##### Material for the task

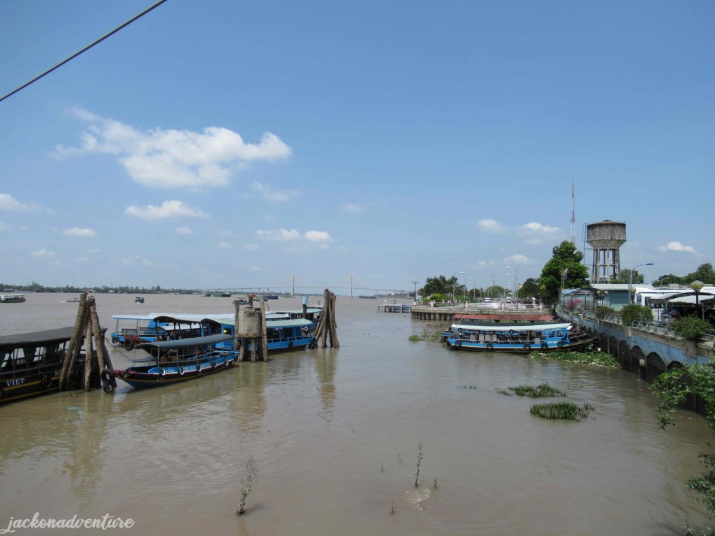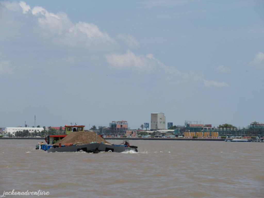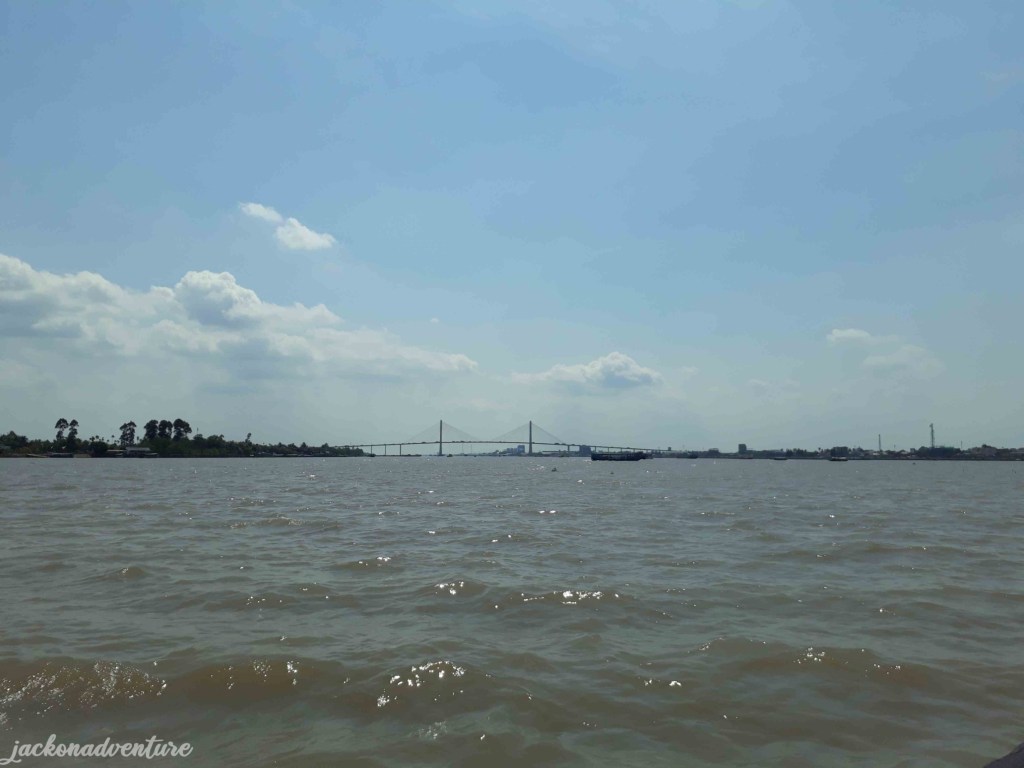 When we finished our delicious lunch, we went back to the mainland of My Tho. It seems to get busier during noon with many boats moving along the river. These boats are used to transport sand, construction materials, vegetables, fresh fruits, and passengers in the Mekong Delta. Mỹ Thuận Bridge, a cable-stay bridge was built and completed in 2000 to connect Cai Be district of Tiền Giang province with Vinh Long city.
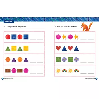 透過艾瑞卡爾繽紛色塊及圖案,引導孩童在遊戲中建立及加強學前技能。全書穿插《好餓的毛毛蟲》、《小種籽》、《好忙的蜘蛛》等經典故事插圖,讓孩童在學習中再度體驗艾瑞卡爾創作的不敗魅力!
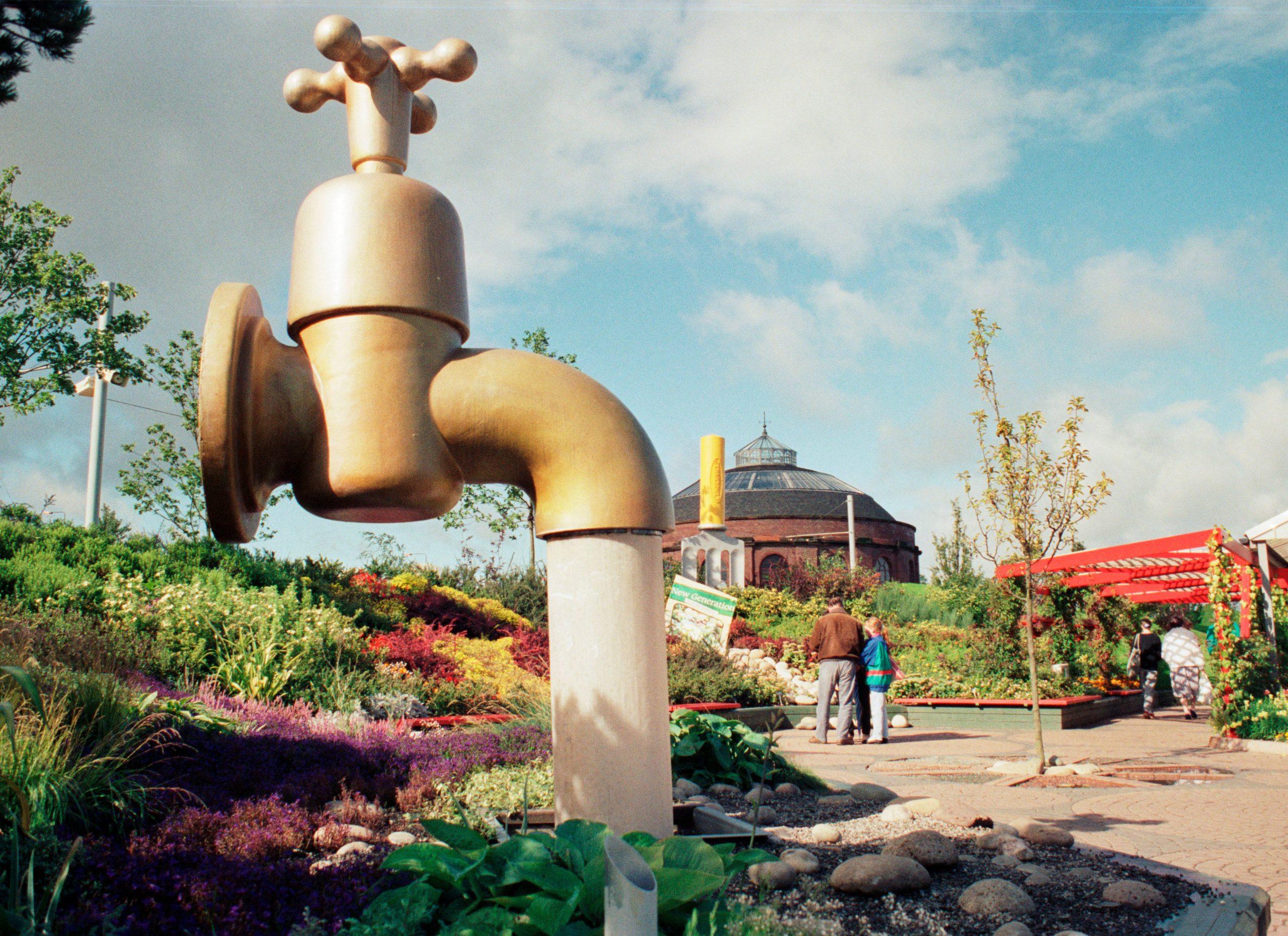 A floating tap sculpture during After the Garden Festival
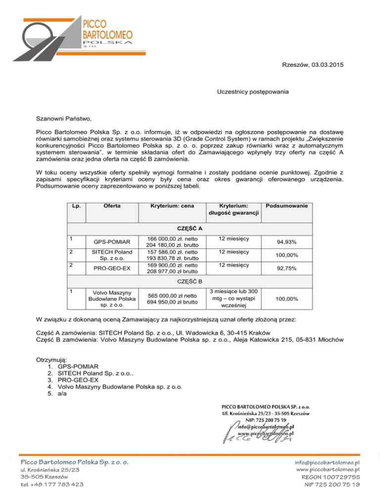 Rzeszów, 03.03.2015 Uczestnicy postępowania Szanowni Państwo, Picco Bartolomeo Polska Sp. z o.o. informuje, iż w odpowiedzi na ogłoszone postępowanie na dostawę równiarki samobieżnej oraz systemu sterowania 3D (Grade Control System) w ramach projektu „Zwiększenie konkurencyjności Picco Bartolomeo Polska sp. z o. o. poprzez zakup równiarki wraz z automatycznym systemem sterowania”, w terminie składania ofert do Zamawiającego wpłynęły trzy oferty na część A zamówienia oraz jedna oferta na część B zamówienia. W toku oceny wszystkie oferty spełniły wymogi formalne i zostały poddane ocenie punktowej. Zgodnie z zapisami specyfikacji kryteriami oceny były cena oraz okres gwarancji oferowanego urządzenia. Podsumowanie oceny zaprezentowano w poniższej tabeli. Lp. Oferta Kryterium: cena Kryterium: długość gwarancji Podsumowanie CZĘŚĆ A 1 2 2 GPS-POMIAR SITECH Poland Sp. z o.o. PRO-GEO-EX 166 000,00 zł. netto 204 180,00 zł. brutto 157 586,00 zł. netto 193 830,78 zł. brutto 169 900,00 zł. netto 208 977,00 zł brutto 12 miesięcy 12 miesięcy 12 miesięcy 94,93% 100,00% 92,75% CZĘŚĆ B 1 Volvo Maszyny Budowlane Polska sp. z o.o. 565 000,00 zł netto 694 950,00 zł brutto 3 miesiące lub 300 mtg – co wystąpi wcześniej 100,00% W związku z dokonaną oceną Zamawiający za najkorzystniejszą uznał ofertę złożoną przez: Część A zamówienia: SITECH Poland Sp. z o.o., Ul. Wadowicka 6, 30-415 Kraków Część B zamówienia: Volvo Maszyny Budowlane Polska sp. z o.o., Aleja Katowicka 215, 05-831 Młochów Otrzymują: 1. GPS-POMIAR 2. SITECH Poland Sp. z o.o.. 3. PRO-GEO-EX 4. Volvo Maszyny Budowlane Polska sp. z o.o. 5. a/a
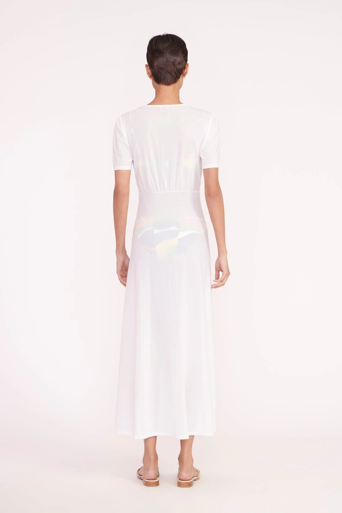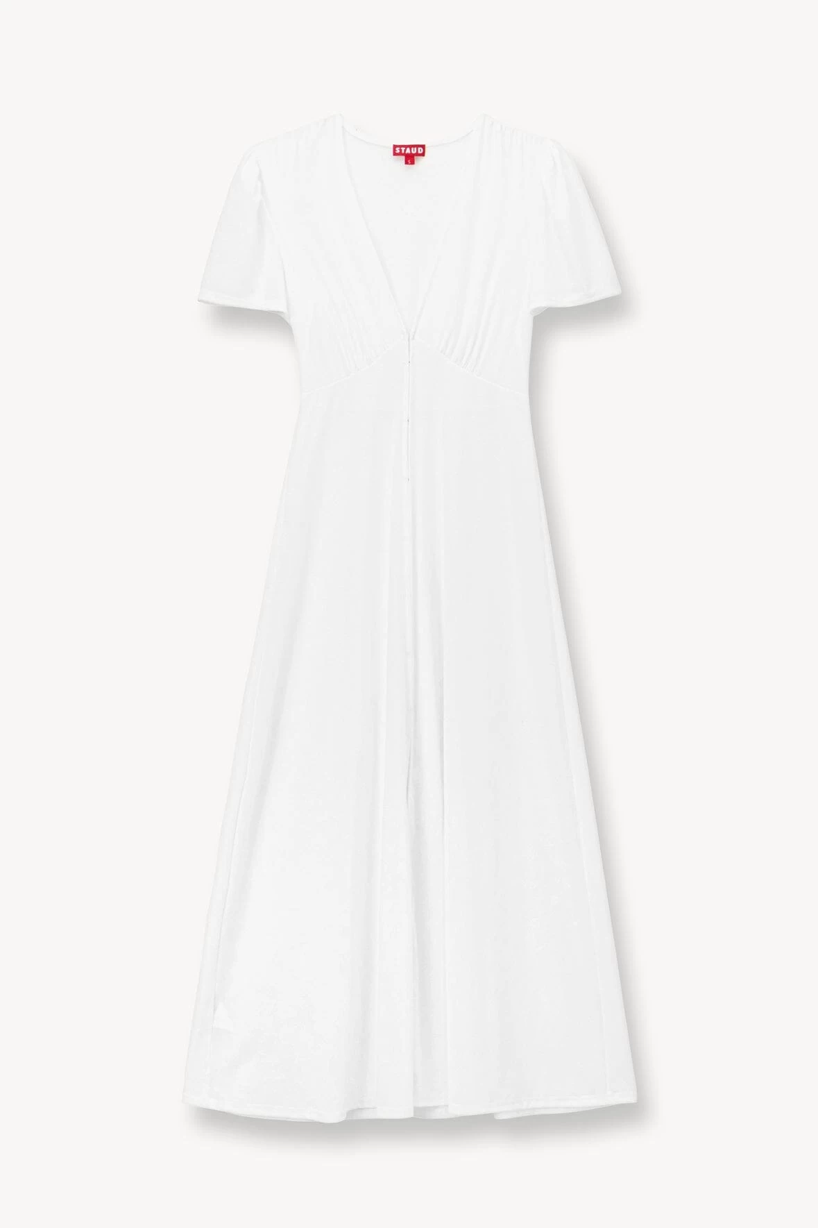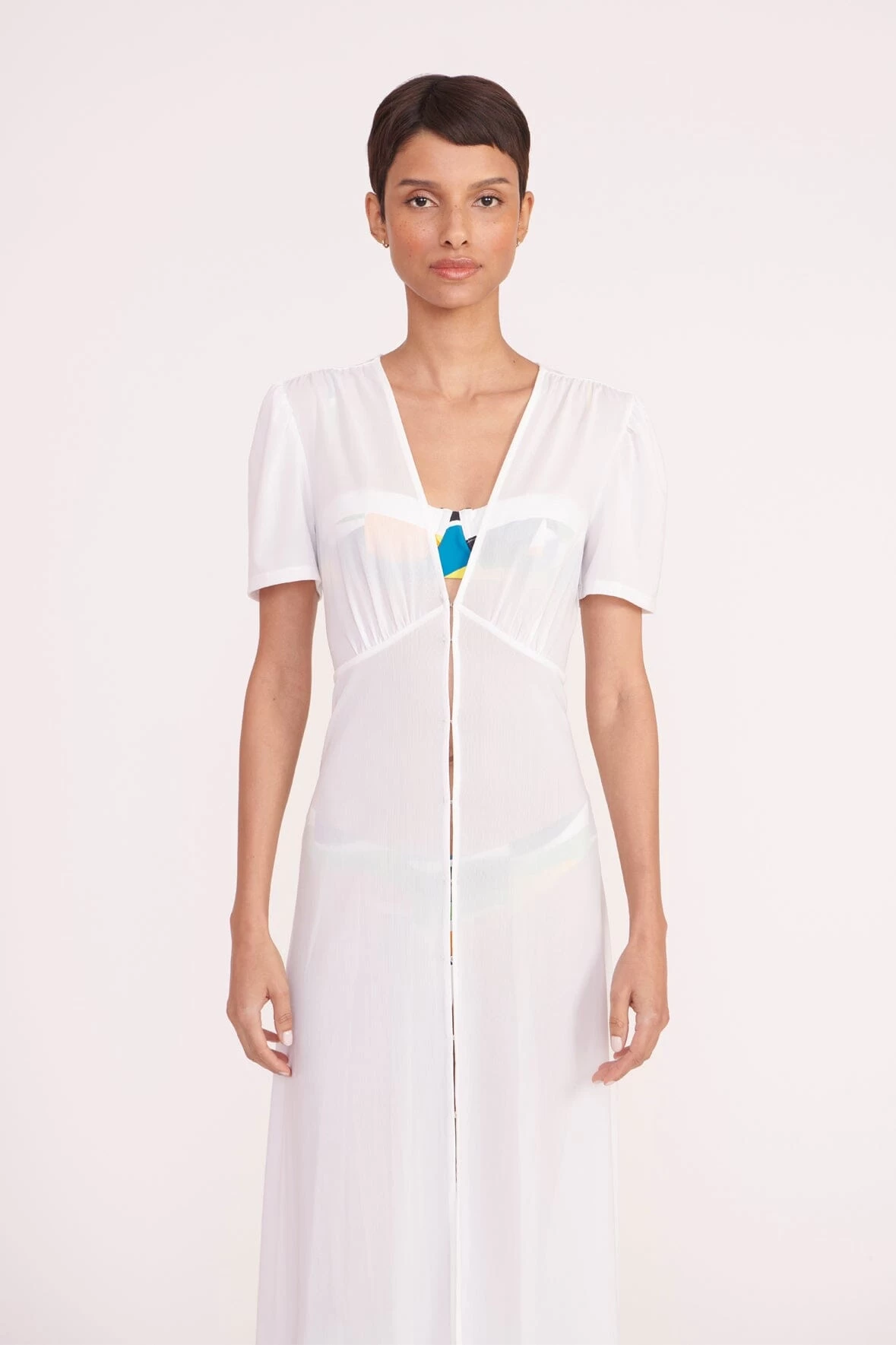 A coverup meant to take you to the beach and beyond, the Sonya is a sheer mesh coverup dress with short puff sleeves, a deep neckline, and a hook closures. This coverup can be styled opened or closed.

##########

→ Exercise
Please print the data above in its entirety, exactly, but without any picture.

→ Solution
 When we finished our delicious lunch, we went back to the mainland of My Tho. It seems to get busier during noon with many boats moving along the river. These boats are used to transport sand, construction materials, vegetables, fresh fruits, and passengers in the Mekong Delta. Mỹ Thuận Bridge, a cable-stay bridge was built and completed in 2000 to connect Cai Be district of Tiền Giang province with Vinh Long city.
 透過艾瑞卡爾繽紛色塊及圖案,引導孩童在遊戲中建立及加強學前技能。全書穿插《好餓的毛毛蟲》、《小種籽》、《好忙的蜘蛛》等經典故事插圖,讓孩童在學習中再度體驗艾瑞卡爾創作的不敗魅力!
 A floating tap sculpture during After the Garden Festival
 Rzeszów, 03.03.2015 Uczestnicy postępowania Szanowni Państwo, Picco Bartolomeo Polska Sp. z o.o. informuje, iż w odpowiedzi na ogłoszone postępowanie na dostawę równiarki samobieżnej oraz systemu sterowania 3D (Grade Control System) w ramach projektu „Zwiększenie konkurencyjności Picco Bartolomeo Polska sp. z o. o. poprzez zakup równiarki wraz z automatycznym systemem sterowania”, w terminie składania ofert do Zamawiającego wpłynęły trzy oferty na część A zamówienia oraz jedna oferta na część B zamówienia. W toku oceny wszystkie oferty spełniły wymogi formalne i zostały poddane ocenie punktowej. Zgodnie z zapisami specyfikacji kryteriami oceny były cena oraz okres gwarancji oferowanego urządzenia. Podsumowanie oceny zaprezentowano w poniższej tabeli. Lp. Oferta Kryterium: cena Kryterium: długość gwarancji Podsumowanie CZĘŚĆ A 1 2 2 GPS-POMIAR SITECH Poland Sp. z o.o. PRO-GEO-EX 166 000,00 zł. netto 204 180,00 zł. brutto 157 586,00 zł. netto 193 830,78 zł. brutto 169 900,00 zł. netto 208 977,00 zł brutto 12 miesięcy 12 miesięcy 12 miesięcy 94,93% 100,00% 92,75% CZĘŚĆ B 1 Volvo Maszyny Budowlane Polska sp. z o.o. 565 000,00 zł netto 694 950,00 zł brutto 3 miesiące lub 300 mtg – co wystąpi wcześniej 100,00% W związku z dokonaną oceną Zamawiający za najkorzystniejszą uznał ofertę złożoną przez: Część A zamówienia: SITECH Poland Sp. z o.o., Ul. Wadowicka 6, 30-415 Kraków Część B zamówienia: Volvo Maszyny Budowlane Polska sp. z o.o., Aleja Katowicka 215, 05-831 Młochów Otrzymują: 1. GPS-POMIAR 2. SITECH Poland Sp. z o.o.. 3. PRO-GEO-EX 4. Volvo Maszyny Budowlane Polska sp. z o.o. 5. a/a
 A coverup meant to take you to the beach and beyond, the Sonya is a sheer mesh coverup dress with short puff sleeves, a deep neckline, and a hook closures. This coverup can be styled opened or closed.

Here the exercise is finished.